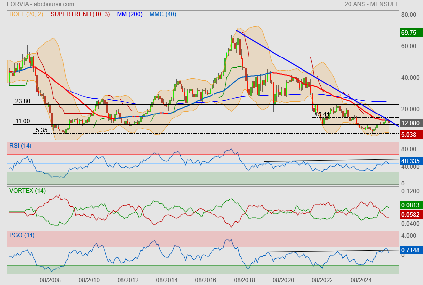 (Boursier.com) — Forvia bondit de près de 10% à 11,2 euros à l'ouverture du marché parisien, soutenu par un bon premier semestre et la confirmation de ses objectifs annuels. Le management a indiqué qu'il s'efforçait de réduire davantage ses coûts administratifs et industriels dans le cadre de son nouveau plan " Simplify ". Forvia, dont les ventes ont reculé de 0,4% au premier semestre à cause notamment des effets de change, a vu sa marge opérationnelle progresser de 20 points de base à 5,4% et son cash-flow net doubler à 418 millions d'euros. La firme a confirmé viser sur l'ensemble de 2025 un chiffre d'affaires compris entre 26,3 et 27,5 milliards d'euros, ainsi qu'une marge d'exploitation comprise entre 5,2% et 6% "en prenant en considération les droits de douane mis en place à ce jour".
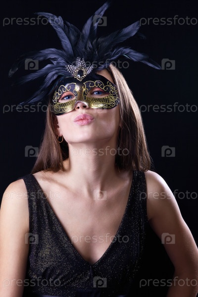 Женщина в маске с перьями, посылающая воздушный поцелуй
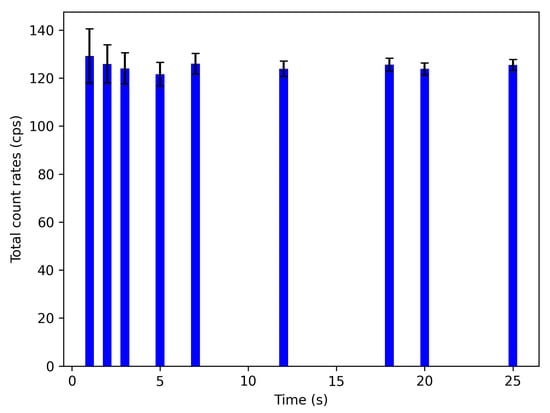 The count rates of the spectra at different accumulation times were extracted and the uncertainty was calculated. Figure 6 shows the variation of the count rate uncertainties at different accumulation times in selected energy windows. As expected, the results showed a high uncertainty in the count rates at 1 s, which was greatly reduced at 25 s. It also showed that the uncertainty decreases sharply between 1 s and 5 s, after which it starts to stabilize. Increasing the accumulation times beyond this point, therefore, does not significantly improve the uncertainty. Short accumulation times will also decrease the spatial resolution of the system. The optimal accumulation time is therefore the time at which the gradient of the uncertainty plots starts approaching zero. The derivatives of the plots are also shown in Figure 6, and the optimal accumulation time is seen to be at 5 s. These measurements were carried out on low activity concentrations. Figure 7 shows the total activity extracted for each accumulation time.
----
◆ Task requirements ◆
Quote the full listing above word for word; exclude every picture from the copy.

◆ Completed exercise ◆
 (Boursier.com) — Forvia bondit de près de 10% à 11,2 euros à l'ouverture du marché parisien, soutenu par un bon premier semestre et la confirmation de ses objectifs annuels. Le management a indiqué qu'il s'efforçait de réduire davantage ses coûts administratifs et industriels dans le cadre de son nouveau plan " Simplify ". Forvia, dont les ventes ont reculé de 0,4% au premier semestre à cause notamment des effets de change, a vu sa marge opérationnelle progresser de 20 points de base à 5,4% et son cash-flow net doubler à 418 millions d'euros. La firme a confirmé viser sur l'ensemble de 2025 un chiffre d'affaires compris entre 26,3 et 27,5 milliards d'euros, ainsi qu'une marge d'exploitation comprise entre 5,2% et 6% "en prenant en considération les droits de douane mis en place à ce jour".
 Женщина в маске с перьями, посылающая воздушный поцелуй
 The count rates of the spectra at different accumulation times were extracted and the uncertainty was calculated. Figure 6 shows the variation of the count rate uncertainties at different accumulation times in selected energy windows. As expected, the results showed a high uncertainty in the count rates at 1 s, which was greatly reduced at 25 s. It also showed that the uncertainty decreases sharply between 1 s and 5 s, after which it starts to stabilize. Increasing the accumulation times beyond this point, therefore, does not significantly improve the uncertainty. Short accumulation times will also decrease the spatial resolution of the system. The optimal accumulation time is therefore the time at which the gradient of the uncertainty plots starts approaching zero. The derivatives of the plots are also shown in Figure 6, and the optimal accumulation time is seen to be at 5 s. These measurements were carried out on low activity concentrations. Figure 7 shows the total activity extracted for each accumulation time.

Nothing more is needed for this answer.